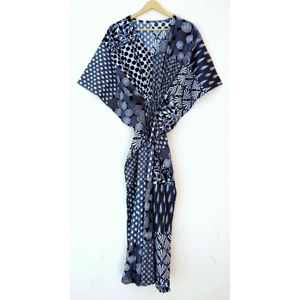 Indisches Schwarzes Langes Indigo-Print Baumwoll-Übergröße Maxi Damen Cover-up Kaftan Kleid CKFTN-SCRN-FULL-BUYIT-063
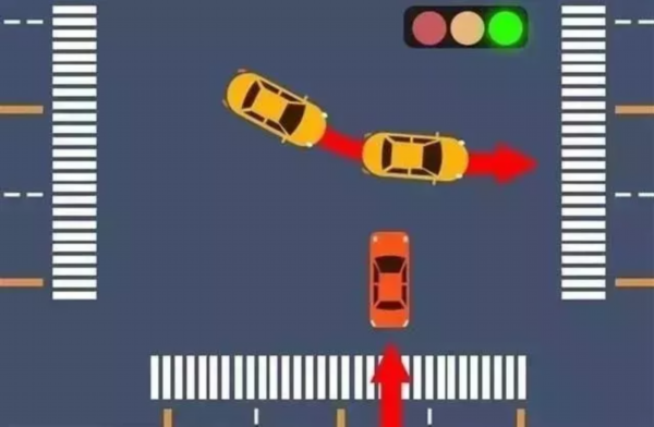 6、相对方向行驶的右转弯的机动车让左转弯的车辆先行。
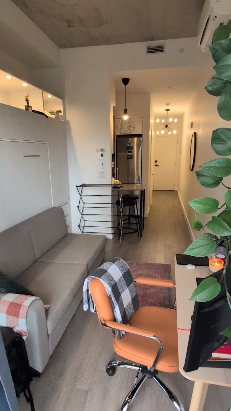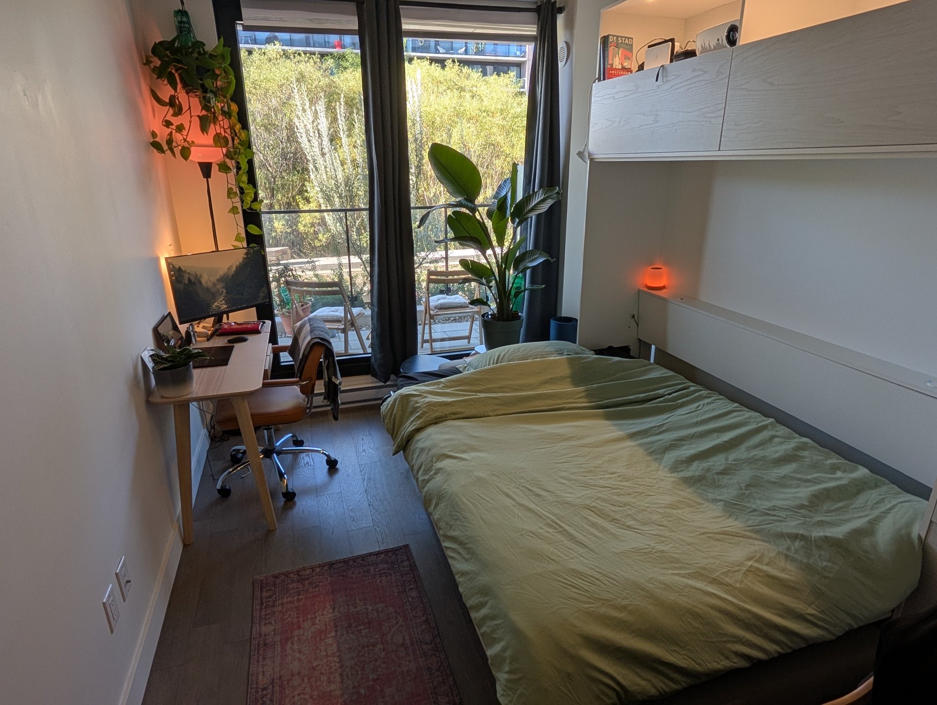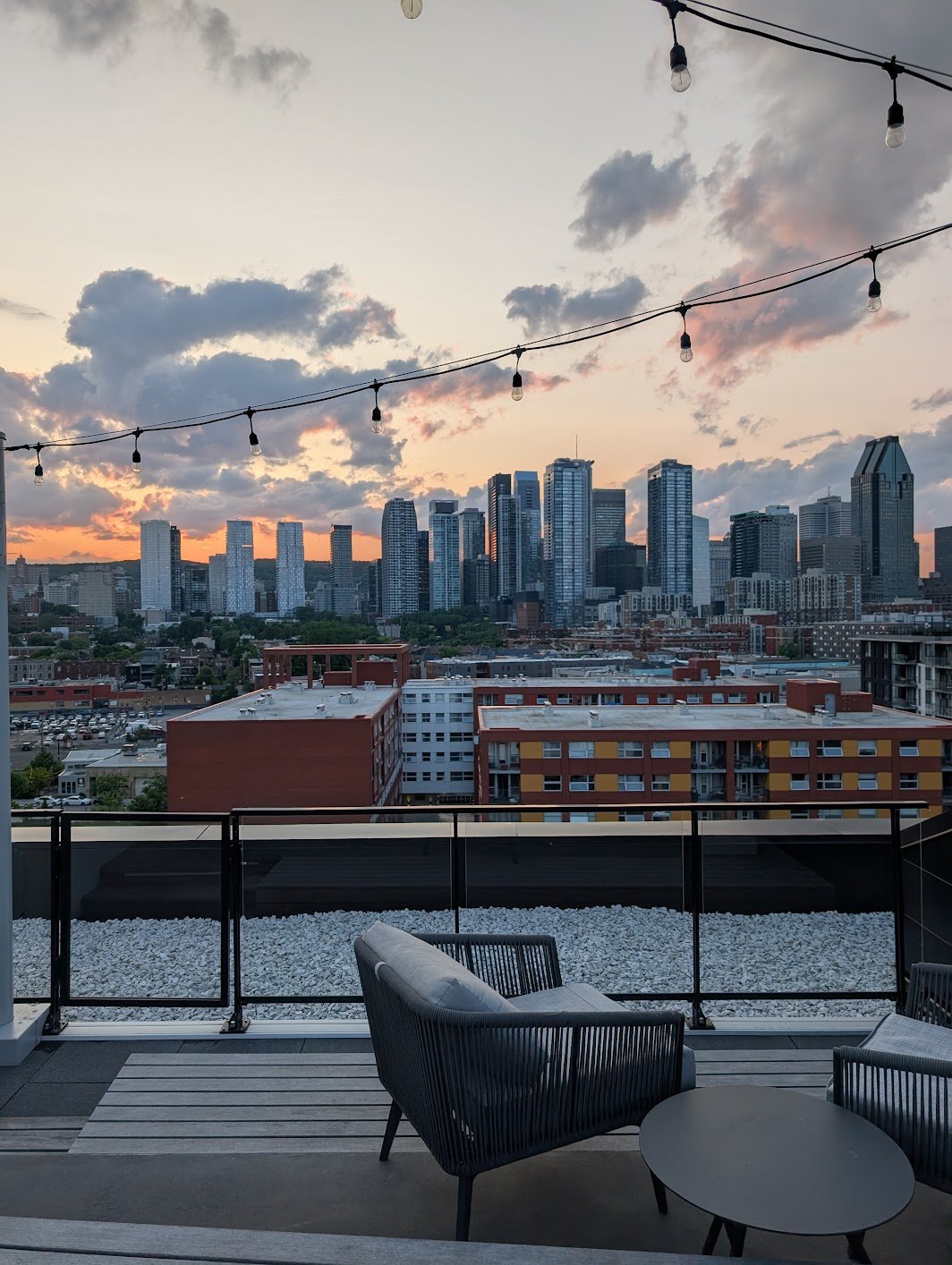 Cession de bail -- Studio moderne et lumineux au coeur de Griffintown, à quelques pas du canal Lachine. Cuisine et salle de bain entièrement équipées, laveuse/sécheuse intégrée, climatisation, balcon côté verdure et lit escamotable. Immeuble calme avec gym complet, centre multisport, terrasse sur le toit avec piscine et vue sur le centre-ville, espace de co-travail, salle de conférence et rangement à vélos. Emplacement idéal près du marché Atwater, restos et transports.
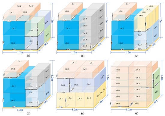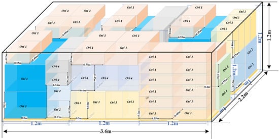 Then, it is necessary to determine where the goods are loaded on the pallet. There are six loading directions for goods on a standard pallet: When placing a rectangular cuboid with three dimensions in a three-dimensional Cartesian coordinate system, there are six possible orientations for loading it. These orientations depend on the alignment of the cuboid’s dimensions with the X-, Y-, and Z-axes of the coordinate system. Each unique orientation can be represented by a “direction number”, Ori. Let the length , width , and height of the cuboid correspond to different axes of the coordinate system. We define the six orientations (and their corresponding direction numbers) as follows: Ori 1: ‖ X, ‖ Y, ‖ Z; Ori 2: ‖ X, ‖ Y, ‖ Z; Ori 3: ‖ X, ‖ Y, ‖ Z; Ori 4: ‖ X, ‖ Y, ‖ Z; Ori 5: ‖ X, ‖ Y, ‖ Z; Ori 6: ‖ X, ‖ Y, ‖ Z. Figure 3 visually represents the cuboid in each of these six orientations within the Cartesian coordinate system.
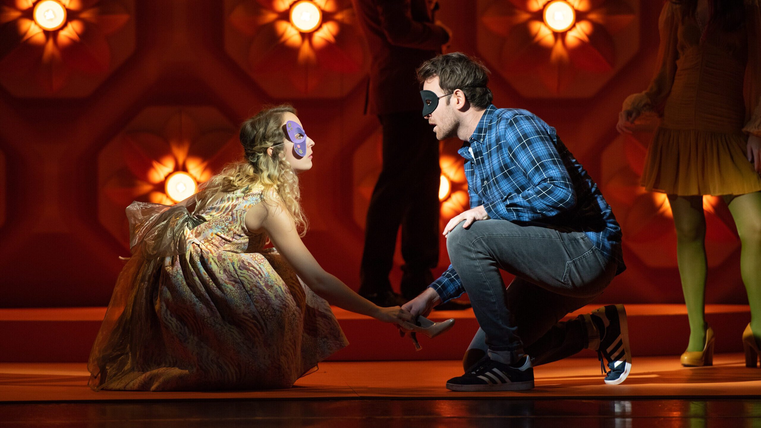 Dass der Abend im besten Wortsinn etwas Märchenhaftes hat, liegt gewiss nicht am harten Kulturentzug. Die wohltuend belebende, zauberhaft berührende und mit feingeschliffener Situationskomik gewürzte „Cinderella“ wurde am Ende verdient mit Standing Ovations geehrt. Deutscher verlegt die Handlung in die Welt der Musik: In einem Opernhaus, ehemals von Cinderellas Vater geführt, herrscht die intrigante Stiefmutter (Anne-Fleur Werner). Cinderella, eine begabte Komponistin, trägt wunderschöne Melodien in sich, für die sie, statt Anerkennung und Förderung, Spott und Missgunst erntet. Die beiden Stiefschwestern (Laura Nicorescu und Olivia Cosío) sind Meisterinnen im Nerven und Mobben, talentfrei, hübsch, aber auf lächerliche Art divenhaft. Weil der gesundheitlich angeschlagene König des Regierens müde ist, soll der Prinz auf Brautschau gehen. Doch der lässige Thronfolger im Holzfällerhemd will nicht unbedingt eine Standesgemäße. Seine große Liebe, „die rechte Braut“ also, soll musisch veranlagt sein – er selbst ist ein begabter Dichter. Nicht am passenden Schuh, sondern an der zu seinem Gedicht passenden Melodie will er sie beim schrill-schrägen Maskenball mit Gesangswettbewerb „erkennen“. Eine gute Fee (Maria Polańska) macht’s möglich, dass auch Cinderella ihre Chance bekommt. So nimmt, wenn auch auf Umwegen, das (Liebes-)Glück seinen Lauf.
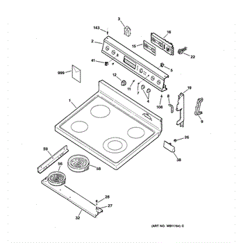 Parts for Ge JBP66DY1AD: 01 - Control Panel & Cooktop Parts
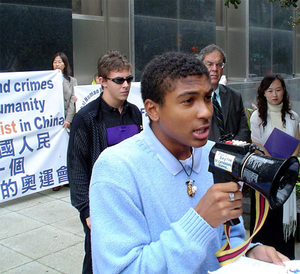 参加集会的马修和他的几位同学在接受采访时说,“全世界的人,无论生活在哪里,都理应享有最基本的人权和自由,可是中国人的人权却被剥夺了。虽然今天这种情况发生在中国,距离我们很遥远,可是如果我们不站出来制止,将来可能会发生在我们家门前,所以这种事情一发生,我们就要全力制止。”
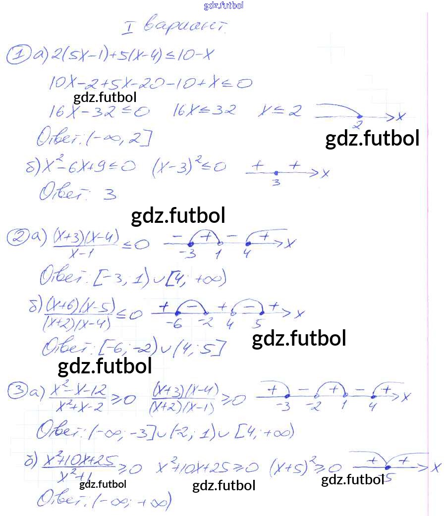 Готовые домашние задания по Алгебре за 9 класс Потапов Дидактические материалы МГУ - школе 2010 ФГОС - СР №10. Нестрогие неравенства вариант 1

= = = =

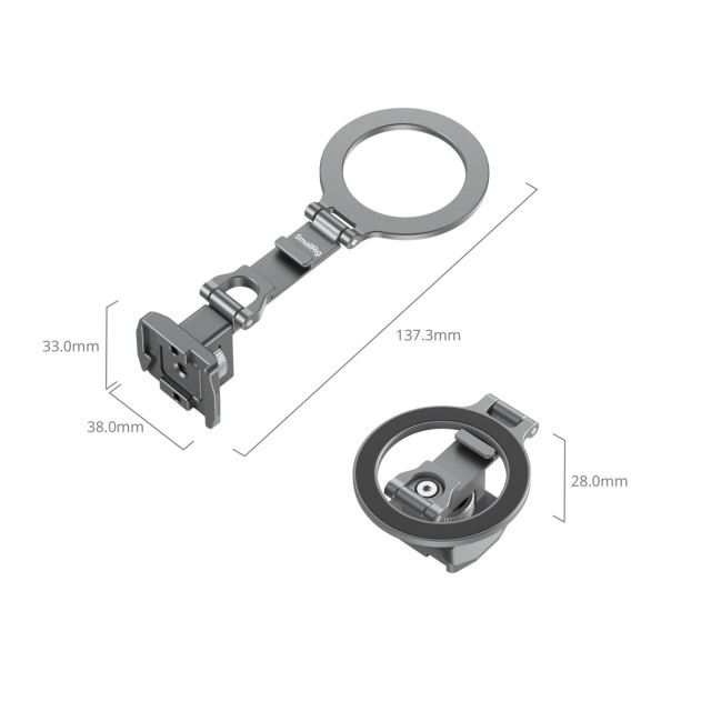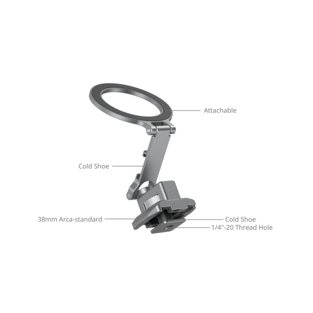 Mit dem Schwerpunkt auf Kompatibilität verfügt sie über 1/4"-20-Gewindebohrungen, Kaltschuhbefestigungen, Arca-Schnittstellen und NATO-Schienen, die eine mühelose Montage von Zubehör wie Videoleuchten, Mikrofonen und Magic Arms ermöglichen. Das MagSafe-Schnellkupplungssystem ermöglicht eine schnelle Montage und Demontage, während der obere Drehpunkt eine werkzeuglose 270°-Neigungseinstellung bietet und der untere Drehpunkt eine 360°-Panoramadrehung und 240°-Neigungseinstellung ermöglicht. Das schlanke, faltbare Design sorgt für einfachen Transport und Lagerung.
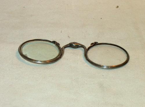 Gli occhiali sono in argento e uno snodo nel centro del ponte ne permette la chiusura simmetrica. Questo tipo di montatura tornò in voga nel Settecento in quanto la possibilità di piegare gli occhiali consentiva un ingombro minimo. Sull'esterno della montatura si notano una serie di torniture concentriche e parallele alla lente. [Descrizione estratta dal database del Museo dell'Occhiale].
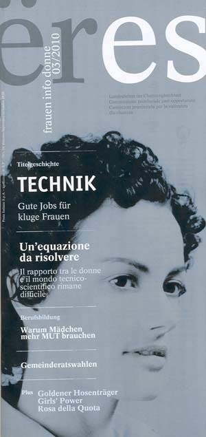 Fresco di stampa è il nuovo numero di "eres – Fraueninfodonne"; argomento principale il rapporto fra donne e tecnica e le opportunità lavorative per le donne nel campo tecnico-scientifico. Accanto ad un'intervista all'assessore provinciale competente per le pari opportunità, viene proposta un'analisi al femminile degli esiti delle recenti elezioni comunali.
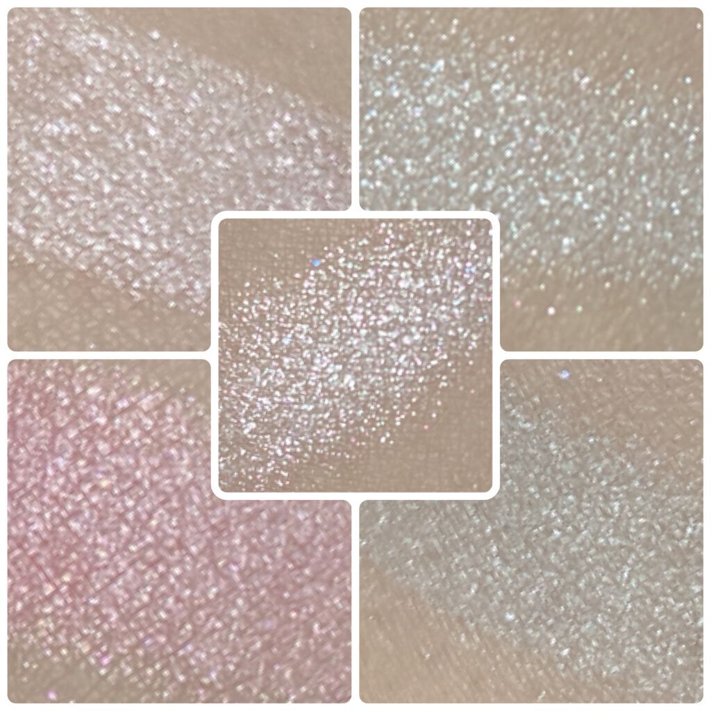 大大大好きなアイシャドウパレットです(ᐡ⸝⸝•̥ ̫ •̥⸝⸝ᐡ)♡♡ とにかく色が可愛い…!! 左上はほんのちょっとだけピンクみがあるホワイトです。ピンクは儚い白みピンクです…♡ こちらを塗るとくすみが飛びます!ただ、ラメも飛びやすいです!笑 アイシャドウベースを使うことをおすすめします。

= = = =

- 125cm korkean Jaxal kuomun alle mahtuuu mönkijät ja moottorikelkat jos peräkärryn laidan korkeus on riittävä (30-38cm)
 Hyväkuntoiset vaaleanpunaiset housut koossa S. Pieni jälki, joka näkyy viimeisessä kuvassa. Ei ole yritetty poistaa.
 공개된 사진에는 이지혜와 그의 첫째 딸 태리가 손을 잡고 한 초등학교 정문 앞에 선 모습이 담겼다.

= = = =

What to produce
What you need to produce is an exact copy of the entries above, limited to the lines from the one with "Indisches Schwarzes Langes" up to and including the one with "Cession de bail", without pictures.

Answer box
 Indisches Schwarzes Langes Indigo-Print Baumwoll-Übergröße Maxi Damen Cover-up Kaftan Kleid CKFTN-SCRN-FULL-BUYIT-063
 6、相对方向行驶的右转弯的机动车让左转弯的车辆先行。
 Cession de bail -- Studio moderne et lumineux au coeur de Griffintown, à quelques pas du canal Lachine. Cuisine et salle de bain entièrement équipées, laveuse/sécheuse intégrée, climatisation, balcon côté verdure et lit escamotable. Immeuble calme avec gym complet, centre multisport, terrasse sur le toit avec piscine et vue sur le centre-ville, espace de co-travail, salle de conférence et rangement à vélos. Emplacement idéal près du marché Atwater, restos et transports.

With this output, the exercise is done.